OK, not having anything more at my disposal than CGI.pm, I'm planning on using these two functions to clean input data, and escape javascript output.

I've set the functions up to accept/return either a single string or an array of strings

Is there a faster way to do this? Am I setting myself up for problems?
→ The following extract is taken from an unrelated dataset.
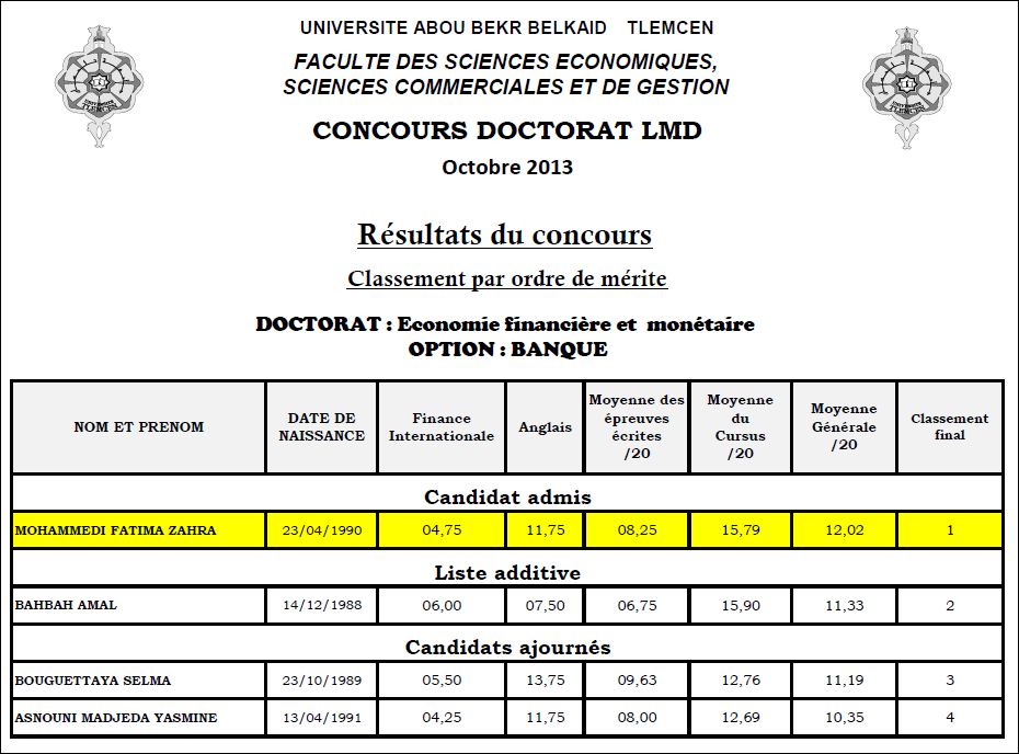 قائمة الناجحين في مسابقة دكتوراه LMD جامعة تلمسان 2013-2014
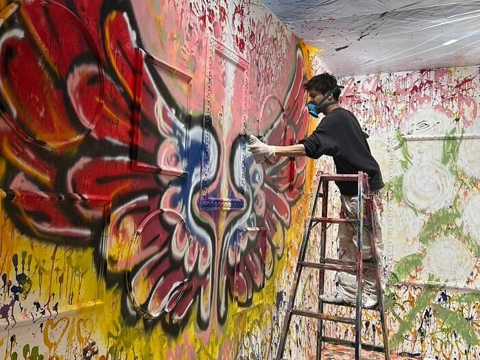 元々は色とりどりのペンキでカラフルに色づけられていた壁に、赤や青のクールな色彩が印象的な羽根と白いバラの花束が出現!

update: replaced '#' with '&' in test example
use strict; use warnings; # strip any non-safe URL characters # Note: This is not Data validation! Other # code must verify/edit expected results sub SafeURL { my @args = @_; local $_; foreach (@args) { s/[^\w\d.\@-]//gi if defined; } return wantarray ? @args : pop @args; } # Note: escape html covered by CGI escapeHTML() # escape any non-safe javascript characters sub EscapeJavaScript { my @args = @_; local $_; foreach (@args) { s/([^\w\d.\@-])/uc sprintf("%%%02x",ord($1))/egi if defined; } return wantarray ? @args : pop @args; } ##################### # test subs my @array = qw( blah@&blah.blah/<test> lalalalal12340as-rqweousn //hokey/pokey ); foreach (@array) { my $result1 = SafeURL($_); my $result2 = EscapeJavaScript($_); print "string: $_\n SafeURL: $result1\n EscapeJavaScript: $resul +t2\n"; } print "SafeURL array test: " . join(', ', SafeURL(@array)) . "\n"; print "EscapeJavaScript array test: " . join(', ', EscapeJavaScript(@a +rray)) . "\n";

Replies are listed 'Best First'.
Re: CGI param cleansing
by merlyn (Sage) on Jun 02, 2006 at 19:36 UTC
    I'm confused at the purpose of this code. There's nothing inherently dangerous in any character you can get from a browser via the param subroutine/method. Why do you think you need to "cleanse" them?
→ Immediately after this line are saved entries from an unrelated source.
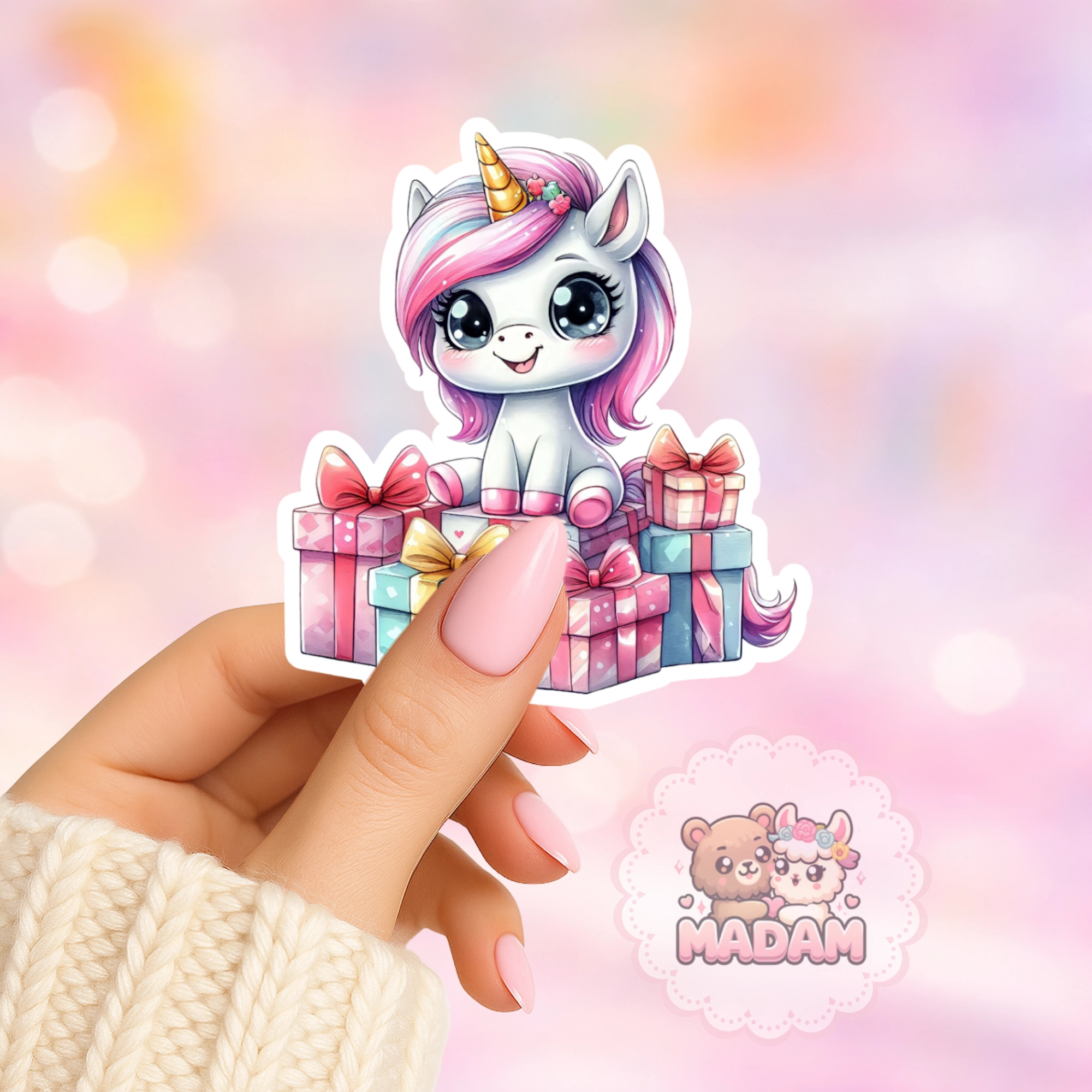 Naklejka foliowa jednorożec z prezentami MaDam Creative
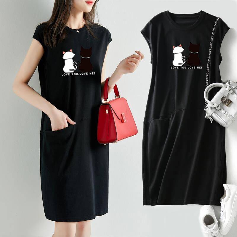 2023夏季新流行宽松显瘦印图T恤连衣裙女装韩版中长款仙女裙女潮
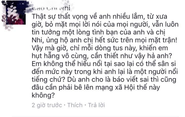 Dù chưa xác thực được dòng trạng thái này ám chỉ chuyện gì, thế những nhiều fan của Noo Phước Thịnh cho rằng nữ ca sĩ đang "đổ thêm dầu vào lửa". Các fan của Noo Phước Thịnh đã nhanh chóng bênh vực thần tượng trên Facebook được cho là của Đông Nhi. Nhiều chuyện "tiêu cực" trước đó cũng được đem ra tranh luận lại.
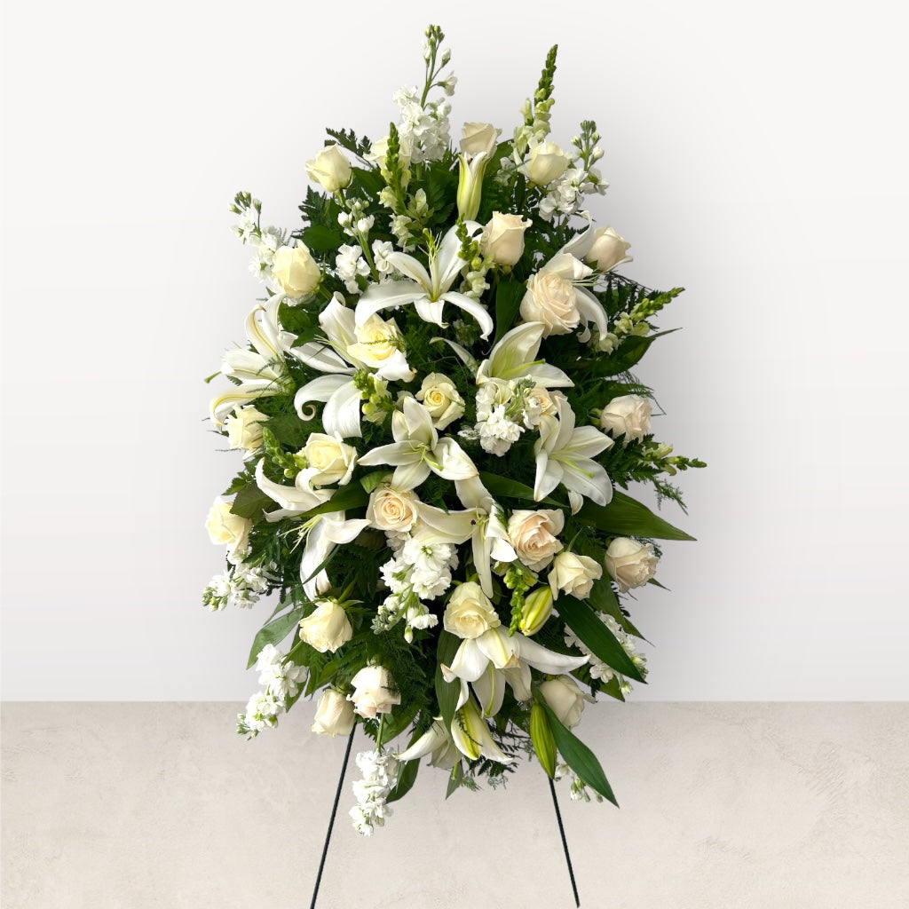 This elegant and serene funeral spray, aptly named "A Cascading Symphony of Purity and Peace," embodies the enduring peace, innocence, and cherished memories that the deceased will forever hold in the hearts of those who cherished them. A harmonious blend of pristine white lilies, delicate white roses, and vibrant white freesias gracefully cascades downwards, symbolizing tranquility, happiness, and the enduring bond that the deceased shared with those they cherished.
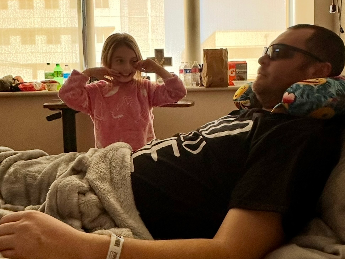 Daniel has stage four cancer. He started immunotherapy, but after the second treatment, the therapy began to attack his liver, brain, throat, and joints. He spent a week in the hospital and a week out doing high doses of IV steroids to counter it.

    And on the output, escapeHTML should take care of any hand generated items, and the HTML generation subroutines should take care of the rest.

    What exactly is it that you think you need to "clean"?

    As an example, suppose I have a filename in $dangerous that could contain any possible character in the Unix pathname, and I want to both show its name, and generate a link to it. All I have to do is this:

    use CGI qw(a escapeHTML); # amongst other things ... print a({-href => $dangerous}, escapeHTML($dangerous));
    No extra code required.

    -- Randal L. Schwartz, Perl hacker
    Be sure to read my standard disclaimer if this is a reply.

      You are basically right, however I don't think this line is correct.

      print a({-href => $dangerous}, escapeHTML($dangerous));
      in this case, you have to uri-escape the filename except for the slashes. Suppose for example that the filename is "a?b<c". Than the above example would print <a href="a?b&lt;c">a?b&lt;c</a>. When the viewer clicks on the link, the browser will html-unescape the attribute, and load a?b<c prepended with the current base url. The web server would however interpret this as loading the file a with the GET parameter being b<c. The code should have instead printed <a href="a%3Fb%3Cc">a?b&lt;c</a>.
      Sorry, I was being vague. Some how abstracting the function from what I was using for has made it less useful.

      Where I use SafeURL() is for re-using input data as values in URL links as these values (as I've been using them) generally tend to be nothing more than simple text/email strings.

      For example mycgi.pl was called as
      http://mycgi.pl?sect=test
      I would use SafeURL() on the value of 'sect' and use it to create new dynamic links
      http://mycgi.pl?sect=test;page=22
      So I guess the purpose of SafeURL() is to make the data safe to feed back into a new URL, but that appears to be specific to my use, and probably not of much use beyond.

      Seemed like a good idea at the time :)

      EscapeJavaScript() still has it's uses, unless CGI provides an equivalent function?